I have an almost full set of Listener. I am missing a few early issues and haven't found them yet. I started subscribing in about late 99. I bought all the early issues after they went under and read them for months on the train to see what it was all about in the earlier days. It seemed even more fun in the beginning before the tube orthodoxy took hold. Little did I know that Art Dudley started off with a sand amp Naim system. Now he's got gear I never would have imagined him owning.


----------



## rl1856 (Jun 7, 2005)

I think I have close to a full collection of Listener and The Tracking Angle (missing 1 or 2 issues of each), Fi (all expect #1) and of course Stereophile (from before it was a full size mag).

I recently picked up ~50 copies of High Fidelity c1959-64; back when tubes still ruled the world ! Very interesting to read the equipment and record reviews as well as look at the old ads.

Lots of fun to go back through the older issues.

Best,

Ross


----------



## spinlps (Feb 15, 2004)

Fi... another defunct hi fi rag of which a complete run competes with shoes for space in my closet...


----------



## Mr. Checks (Dec 21, 2005)

I'm a huge fan of Listener. I kind of dropped out of the hifi rat race about four years ago when it folded, although I have a S-phile subscription that shows up once a month, largely unread.

Really, once the cat died, how could Listener have continued?


----------



## Untilted (Mar 30, 2006)

all these threads should be moved to the Interchange. AlanC, where are you when we need you?


----------



## EAP (Jan 19, 2007)

dpihl said:


> What has any of this to do with clothing?


My organ teacher told me never to wear brown shoes when playing in public.

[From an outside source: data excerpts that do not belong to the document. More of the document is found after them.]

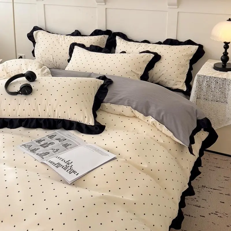 Polka Dot Pattern Bedding Set, 1 Count Bedspread & Pillowcase without Filler, Soft Comfortable Bedding Set, Decorative Bedsheet Sets for Home Bedroom
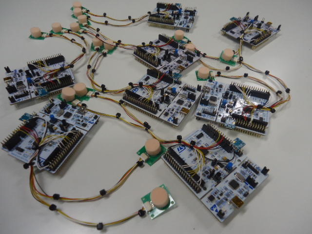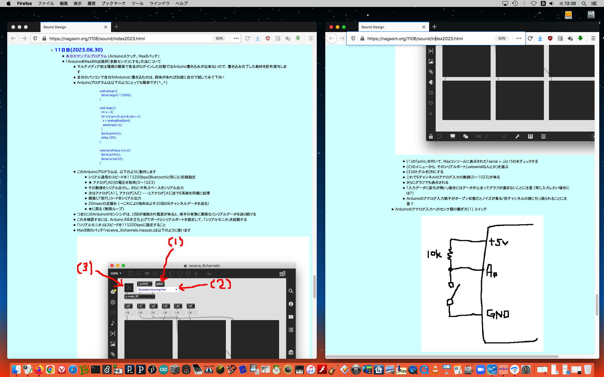 そして4限には、M2の王さんがやってきて このように 新楽器に向けて、半田付けがさらに進展した。 20個の「穴」に光センサを取り付けて、Arduino Microからとても変則的なMIDI情報としてMax8に送ることで、見事に「20個の穴の上空をパチンコ玉が通ると20個並んだトグルがそれぞれ対応してONになる」という動作までは簡単に実現できてしまった。 これで、僕が渡英している来週にレーザーカッターでアクリル加工して、上空の4つのSHARP距離センサを取り付ければ、いよいよ「新楽器」が完成に向かうことになる。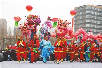 在山东东端,同样拥有悠久历史的“大活报”表演也在欢闹中举行。元宵节当天,在威海市文登区文登学广场,锣鼓声不断,舞龙舞狮、花轿秧歌、安塞腰鼓依次演出,现场观众摩肩接踵。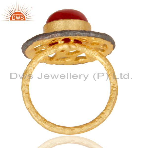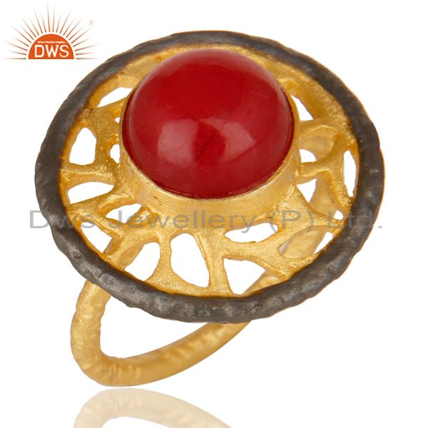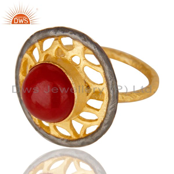14K Yellow Gold Plated Handmade Wide Natural Red Aventurine Cocktail Brass Ring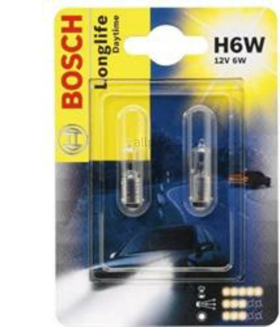 BOSCH 1987301061 лампа! (H6W) 12V 6W BAX9s галоген. увеличенный срок службы, в блистере\ информация: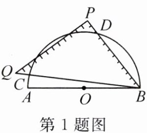1. (2024·淮南凤台县二模)如图,一个零刻度落在点A的量角器(半圆O)的直径为AB,等腰直角三角尺的一顶点与点B重合,它的斜边BQ与半圆交于点C,直角边BP与半圆交于点D。若点C在量角器上的读数为26°,则点D在量角器上的读数为(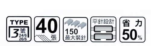 產品特色 :• 專利省力結構,比一般訂書機省力50%• 創新平針技術,可節省30%文件堆疊高度• 可放3排3號針(24/6,150針)或2排26/6針(200針),省時不需常更換• 可裝訂40張70g/m²影印紙,最適合多頁數文件 規格尺寸 :適用於3號(24/6或 26/6)訂書針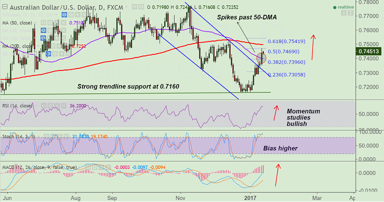 Support levels - 0.7429 (session low), 0.74, 0.7397 (50-DMA), 0.7381 (5-DMA), 0.73, 0.7288 (double bottom Jan 6th & 9th)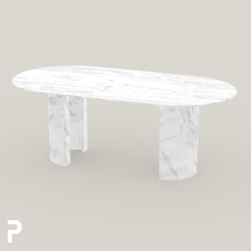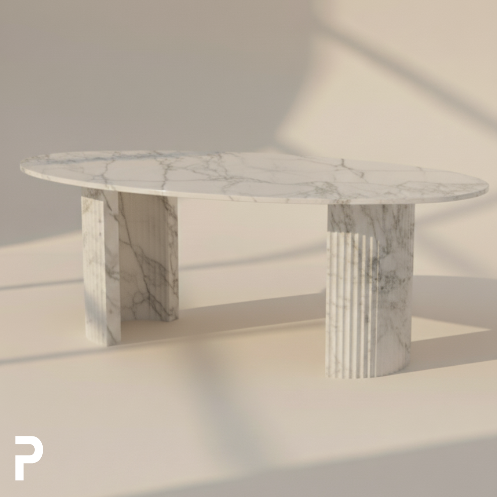 Mateo Cleg, tamamen %100 doğal Beyaz Carrara mermerden üretilmiştir. Her taşın damar yapısı, renk tonu ve dokusu birbirinden farklıdır; bu sayede her masa tek ve eşsiz bir sanat eseri olarak hayat bulur.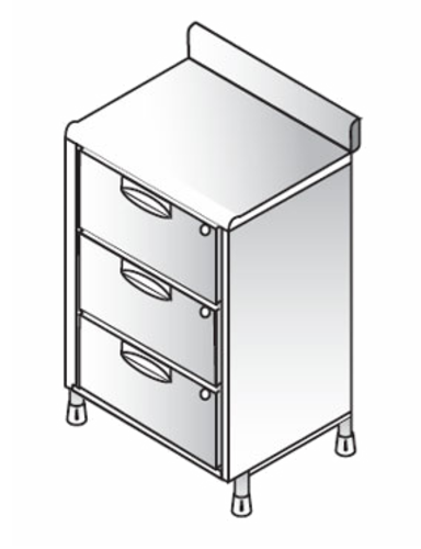 Bartender Three Drawer Unit, 400mm, solid top, (3) drawers, stainless steel construction, 1x leg frame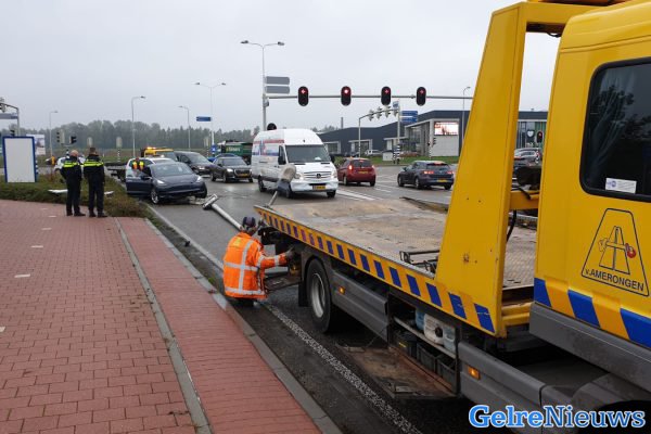 De schade is groot. De auto is geborgen door een bergingsbedrijf. De bestuurder kwam met de schrik vrij. Het ongeluk trok veel bekijks.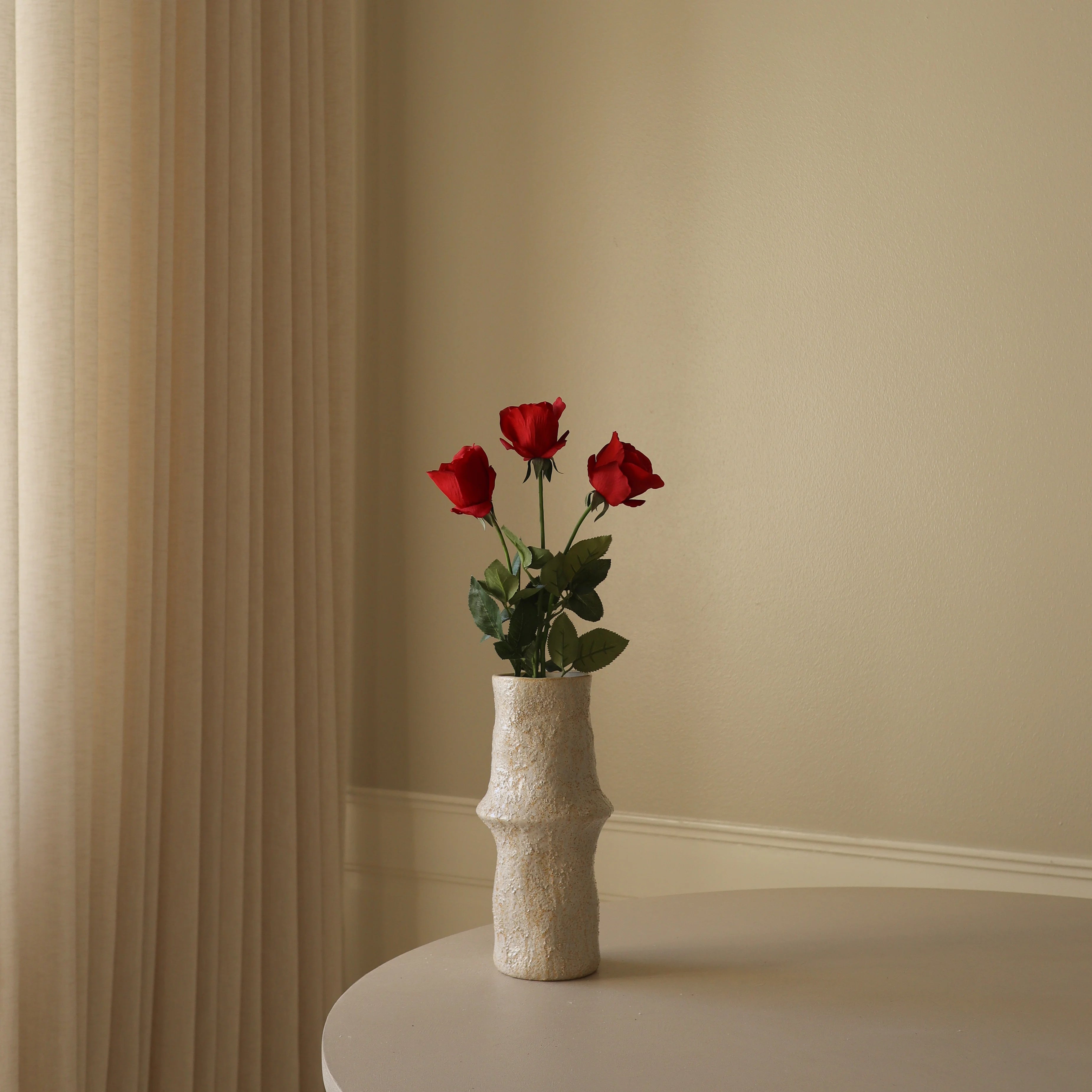 The Ceramic Earth Vase featured in the image measures 30.5 cm in height and 10 cm in diameter.

1964 Hammond B3 and 122 Leslie "Tall-Boy" with push-pull 6550's.


----------



## davespc (Aug 22, 2005)

*serious tubes!!!!*

i am running a pair of Acoustat X electrostatics which I bought in 78 with a CJ pre-amp. (tube naturally)
i also just bought a Scott Nixon tube dac to go from my pc to my krell 400xi. i can't wait to get it set up.
i passed on an Oxxford suit to upgrade my stereo this summer!!!
Dave


----------



## windsor (Dec 12, 2006)

I have built five stereo amps from scratch and also some kit preamps..Eico and a eico tuner. The amps have been sitting on a shelf a long time. Probably the electrolytics in the power supplies are shot as well as some of the other capacitors. Have thought of repairing them once in a while and considered buying an O scope in a thrift shop for this purpose, but didn't. Apparently there is a renewed interest in tube equipment and I could be taking part in that.


----------



## 127.72 MHz (Feb 16, 2007)

I have been into "Vintage" and tube "Hi-Fi" for about fifteen years. Everything listed has been reworked and specs. out at, or better than original condition.

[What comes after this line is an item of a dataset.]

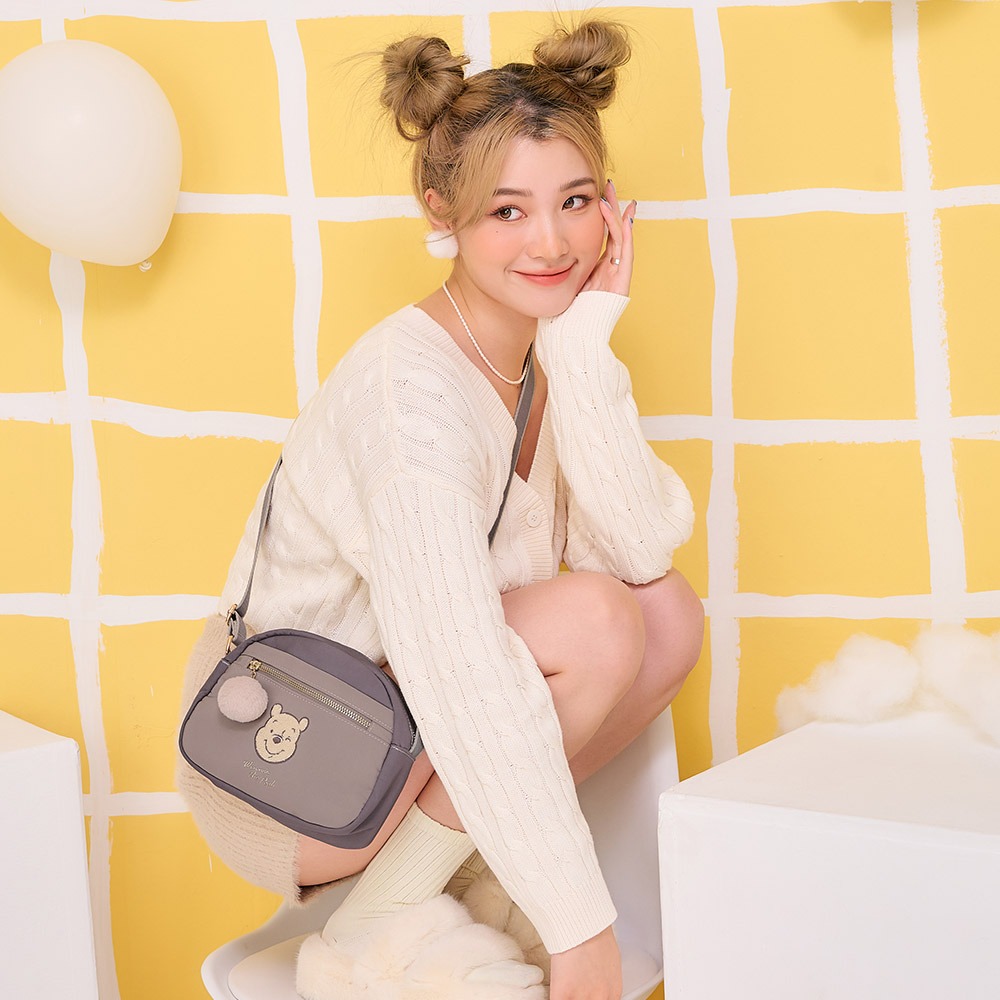 【DISNEY】小熊維尼-兩用側背包-米灰色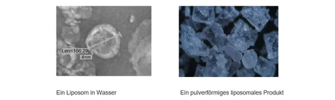图片显示了差异:水中脂质体因水压而呈现完美的球形。而脂质体粉末的图像则仅由干燥的磷脂和活性成分组成。与完整脂质体相比,粉末配方在水中的生物利用度要差得多。

System one. (Main system) 1961 MacIntosh C11 Pre-Amp
(2) 196? Dynaco MK III 60wt Monoblocks Amps
CD is my main source
Rega Apollo (CD)
1978 Oak Klipsch LaScala (AA crossovers)
Sunfire "True" Sub (for the low end stuff)

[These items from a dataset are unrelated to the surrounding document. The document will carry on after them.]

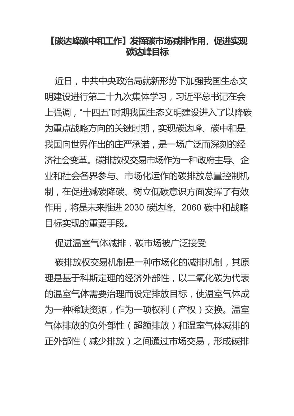 【碳达峰碳中和工作】发挥碳市场减排作用,促进实现碳达峰目标近日,中共中央政治局就新形势下加强我国生态文明建设进行第二十九次集体学习,习近平总书记在会上强调,“十四五”时期我国生态文明建设进入了以降碳为重点战略方向的关键时期,实现碳达峰、碳中和是我国向世界作出的庄严承诺,是一场广泛而深刻的经济社会变革。碳排放权交易市场作为一种政府主导、企业和社会各界参与、市场化运作的碳排放总量控制机制,在促进减碳降碳、树立低碳意识方面发挥了有效作用,将是未来推进2030碳达峰、2060碳中和战略目标实现的重要手段。促进温室气体减排,碳市场被广泛接受碳排放权交易机制是一种市场化的减排机制,其原理是基于科斯定理的经济外部性,以二氧化碳为代表的温室气体需要治理而设定排放目标,使温室气体成为一种稀缺资源,作为一项权利(产权)交换。温室气体排放的负外部性(超额排放)和温室气体减排的正外部性(减少排放)之间通过市场交易,形成碳排放权交易市场,从而使得碳排放权交易成为市场经济框架下解决碳排放问题效率显著的方式。1997年12月《联合国气候变化框架公约》缔约方在日本京都召开第三次缔约方大会,149个缔约方通过了《京都议定书》,建立了以促进全球减少温室气体排放为目的的温室气体排放权(减排量)市场交易机制,二氧化碳(CO2)、甲烷(CH4)、氧化亚氮(N2O)、氢氟碳化物(HFCs)、全氟碳化物(PFCs)及六氟化硫(SF6)为公约纳入的6种要求减排的温室气体。从对全球升温的贡献百分比来说,二氧化碳由于含量较多,所占的比例也最大,因此温室气体交易往往以每吨二氧化碳当量(tCO2e)为计量单位,统称为“碳交易”。其交易市场称为“碳市场”。《京都议定书》中规定了三种减排机制,即清洁发展机制、联合履行、排放交易,这三种都允许联合国气候变化框架公约缔约方国与国之间,进行减排单位的转让或获得,但具体的规则与作用有所不同。根据以上三种机制,碳交易被区分为配额型交易和项目型交易,配额型交易指的是碳排放总量控制下产生的排放配额单位的交易,如欧盟碳市场的欧盟排放配额、广东碳市场的广东碳配额,主要是在碳排放总量控制下控排企业、设施等超额排放和减排量的交易。项目型交易指的是因进行减排项目所产生的减排量单位的交易,如清洁发展机制项目活动获得“排放减量权证”、自愿减排项目获得的“自愿减排量”、中国核证自愿减排项目获得的“核证减排量”。随着全球变暖等气候问题成为全球治理的关注焦点,2015年第21届联合国气候变化大会通过《巴黎协定》之后,配额型的碳市场作为控制温室气体的市场化治理手段越来越被重视和使用,全球已有39个国家、18个省和州、6个城市建立了不同层级的碳市场。目前欧盟碳市场是全球最大的碳市场。从试点到全国,碳市场建设有序进行我国早在2011年开始就着手建设碳排放权交易试点市场。国家发展改革委于2011年10月29日印发《关于开展碳排放权交易试点工作的通知》,确定在北京市、天津市、上海市、重庆市、湖北省、广东省及深圳市开展碳排放权交易试点。2012年6月13日,国家发展改革委印发《温室气体自愿减排交易活动管理暂行办法》,确定了中国核证自愿减排量交易机制。2013年开始,各试点碳市场陆续开始启动运行,在碳市场机制建设、碳排放权分配、碳金融产品创新方面开展了诸多探索。至2020年底,全国各试点碳市场共覆盖电力、钢铁、水泥等20余个行业近3000家重点排放单位,碳配额总成交量4.6亿吨,总成交金额105亿元。随着试点碳市场机制的不断成熟,建设全国碳市场的呼声也越来越高。2017年12月18日,国家发展改革委印发《全国碳排放权交易市场建设方案(发电行业)》,首次提出在发电行业率先启动全国碳排放交易体系。这标志着全国碳市场建设的正式启动。2018年6月,应对气候变化工作职能由国家发展改革委划转至生态环境部,碳市场的工作也随之转隶到生态环境部。2020年12月25日,生態环境部发布《碳排放权交易管理办法(试行)》。12月29日,生态环境部编制发布《2019—2020年全国碳排放权交易配额总量设定与分配实施方案(发电行业)》,汇总形成了《纳入2019—2020年全国碳排放权...
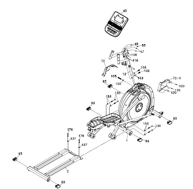 (53) to the back of the CONSOLE (43). Do not force the connectors; they will only fit one way and are different sizes to prevent confusion. Place the excessive cable in the CONSOLE MAST TUBE (12). - Attach the CONSOLE (43) to the bracket of the Console Mast tube with 4 PHILLIPS HEAD SCREWS (116). Tighten the screws using the PHILLIPS HEAD SCREW DRIVER (157).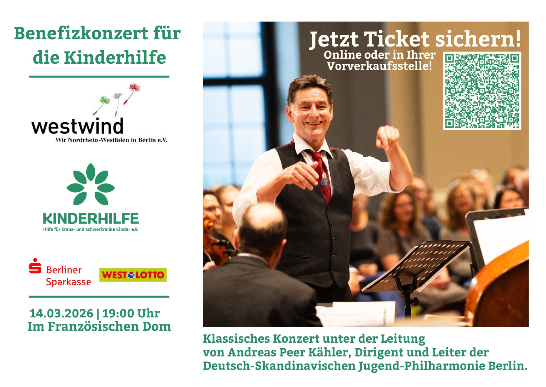Das Konzert findet am Samstag, 14. März 2026, um 19:00 Uhr im Französischen Dom am Gendarmenmarkt statt und ist ein exklusives Benefiz-Konzert zugunsten der Kinderhilfe – Hilfe für krebs- und schwerkranke Kinder e.V., die seit 1983 Familien mit einem schwer erkrankten Kind in Berlin und Brandenburg unterstützt. Rund 150 ehrenamtliche Helferinnen und Helfer begleiten die betroffenen Familien, während weitere Ehrenamtliche kreative Projekte für die Kinder und ihre Familien anbieten.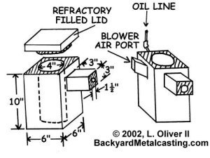 ...Thus I designed the G4 burner. It is basically a G2 burner on it's side. The flame blows straight out of the burner in a straight line. It doesn't need to turn any corners or angles thusly allowing the heat to easily enter the furnace rather than be absorbed by the burner's refractory. Additionally I further improved the oil and air mixing by producing a special "intake manifold" So the oil is broken up more finely. Notice I didn't mention the G3 burner. It was simply a G2 with an integrated refractory intake manifold. It was crap. |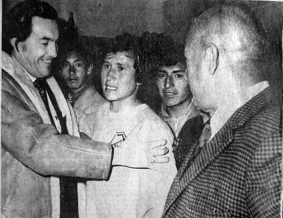 Mario Mercado (izq.) saluda a Juan Carlos Oropeza en 1971. Foto: Colección Julio Mamani.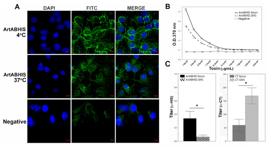 Characterization of ArtABHIS purified from E. coli. (A) binding (at 4 °C) and uptake (at 37 °C) of 50 μg/mL ArtABHIS after 1 h on Vero cells using anti-6XHIS (α-HIS) and FITC-conjugated secondary antibodies (negative = no toxin control, scale bar = 10 μm), (B) representative ELISA dilution series of ArtABHIS on ganglioside GM1 and fetuin (negative = no toxin control), and (C) average titers of fetuin and GM1 ELISAs of ArtABHIS using α-HIS and CT using anti-CT (α-CT) antibody. Results show the mean +/− SE (n = 4). A two-tailed, unpaired t-test was performed for comparison within each toxin group (ArtABHIS fetuin to GM1 * p = 0.0487; CT fetuin to GM1 * p = 0.0262).

System two (study) Dynaco ST70 redone as all my dynaco amps are by "Autospec" on Audiogon. If you want to see some top quality tube amp work Will Vincent (Autospec) is the man!
Manely "Shrimp" Pre-amp
Rega Apollo CD
Scott 110B tuner (it's all tube of course!)
Klipsch Heresy speakers

System three (Bedroom) Dynaco ST70
Quad 99 Pre amp (the the Island of Brittian!)
AudioPhysic "Yara" speakers
Rega Apollo CD

System four (Basement) Scott 299D Integrated amp/preamp
Rega Apollo CD
Klipsch Cornwall speakers (real rock and rollers!)

I match in various tuners from time to time as I work on some, trade others, ect.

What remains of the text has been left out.